I watched Umar for a moment, listening to the trilling of some of the songbirds that were caged all through Abu Adil's house and grounds. It gave the afternoon a false sense of peace and hopefulness. The air in the library was musty and stale. I began to feel caged myself. Maybe it had been a mistake coming here today. "What are you suggesting, Umar?" I asked.
"I'm suggesting that we begin thinking of the future. Someday, not long from now, the old men's empires will be in our hands. Hell, I run Shaykh Reda's business for him right now. He spends the whole day chipped in to ... to—"
"I know what he's got chipped in," I said. Umar nodded. "All right, then. This moddy that I use is a recent recording of his mind., He gave it to me because his only sexual kick is jamming himself, or an accurate facsimile of himself. Does that disgust you?"
"You're kidding." I'd heard much worse in my time. "Forget that, then.
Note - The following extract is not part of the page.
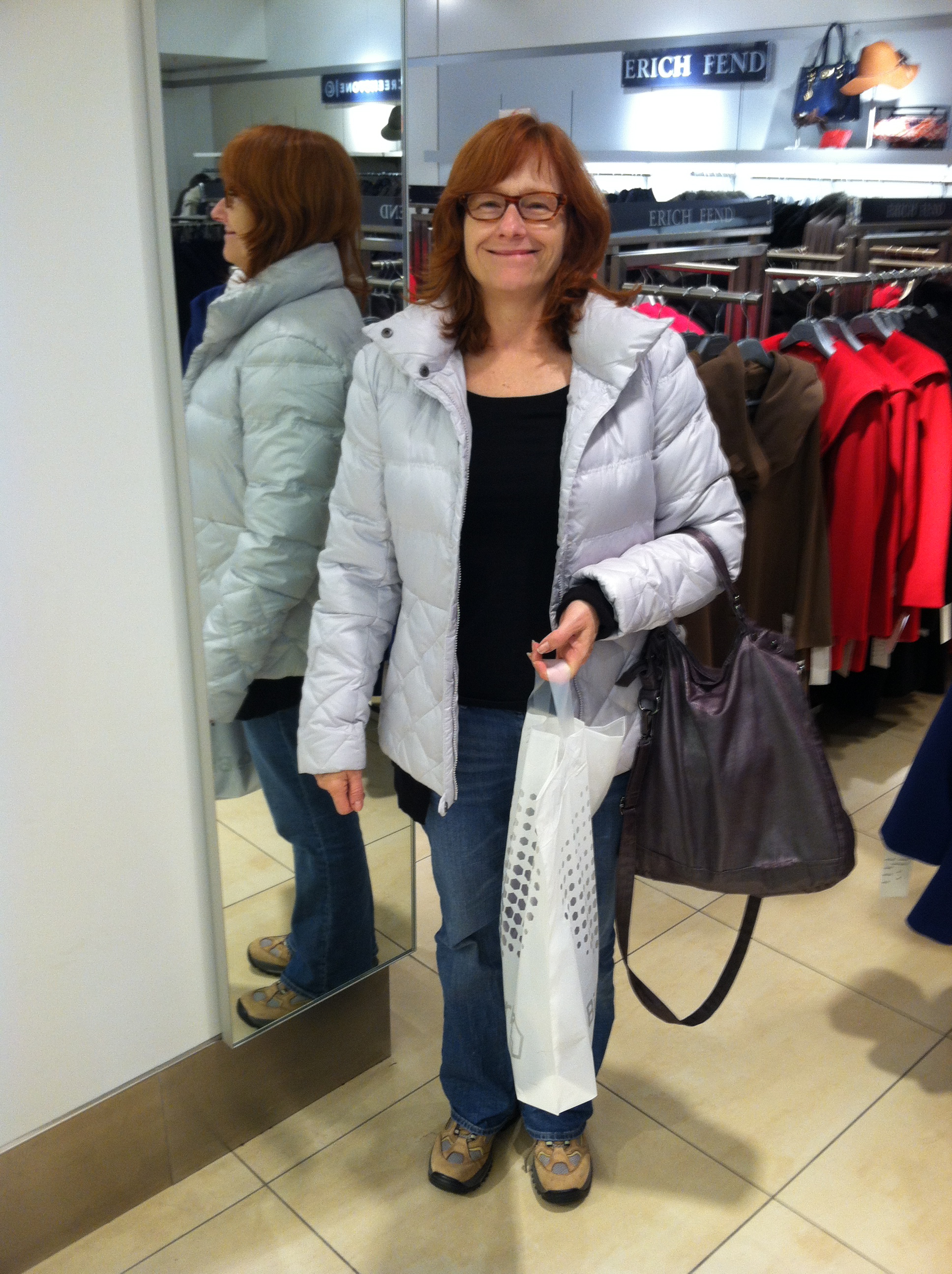 Over in the corner, I spied some others that came in sizes I was familiar with and among them I found a perfect fit. As I expected, it was very lightweight but warm. And it was just 140 euros, a little more than I had hoped to pay but much less than the 200 euros I was unwilling to spend.

He doesn't realize that with his moddy, I'm his equal as far as tending to business is concerned. I am Abu Adil, but I have the added advantage of my own native skills. He is Shaykh Reda, a great man; but with this moddy, I am Shaykh Reda and Umar Abdul-Qawy together. Why do I need him?"
I found this all terrifically amusing. "Are you proposing the elimination of Abu Adil and Friedlander Bey?" Umar looked around himself nervously. "I propose no such thing," he said in a quiet voice. "There are too many other people depending on their judgment and vision. Yet there may come a day when the old men themselves are a hindrance to their own enterprises."
"When the time comes to push them aside," I said, "the right people will know it. And Friedlander Bey, at least, will not begrudge them."
"What if the time is now?" Umar asked hoarsely. "You may be ready, but I'm not prepared to take over Papa's affairs."
"Even that problem could be solved," insisted Umar. "Possibly," I said. I didn't let any expression cross my face. I had no idea if we were being watched and recorded, and yet I didn't want to antagonize Umar. I knew now that he was a very dangerous man.
"You will learn that I am right," he said. He tossed the moddy in his hand some more, his brow furrowed again in thought. "Go back to Friedlander Bey now and think about what I've said. We'll talk again soon. If you do not share my enthusiasm, I may need to push you aside along with both our masters." I started to rise from my chair. He raised a hand to stop me. "That is not a threat, my friend," he said calmly. "It is only how I see the future." "Allah alone sees the future." He laughed cynically. "If you think that pious talk has any real meaning, I may end up with more power than Shaykh Reda ever dreamed of." He indicated another door on the south side of the library. "You may go out that way. Follow the corridor to the left, and it will lead you to the front entrance. I must go back and discuss this Songhay Republic business with the woman. You needn't worry about her. I'll send her back to her hotel with my driver."
"Thank you for your kindness," I said. "May you go in peace and safety," he said. I left the library and followed Umar's directions. Kamal, the servant, met me along the way and showed me out. Again he kept silent as we walked. I went down the steps toward the car, and then I turned to look back. Kamal stood in the doorway, staring after me as if I might be concealing stolen silverware in my clothing.
I got into the sedan. Kmuzu started the engine and swung the car around and out through the main gate. I thought about what Umar had said, what he'd offered me. Abu Adil had exercised his power for almost two centuries. Surely in all that time there had been many young men who'd filled the position Umar now held. Surely some of them had had the same ambitious ideas. Abu Adil still remained, but what had happened to those young men? Maybe Umar had never considered that question. Maybe Umar was nowhere near as smart as he thought he was.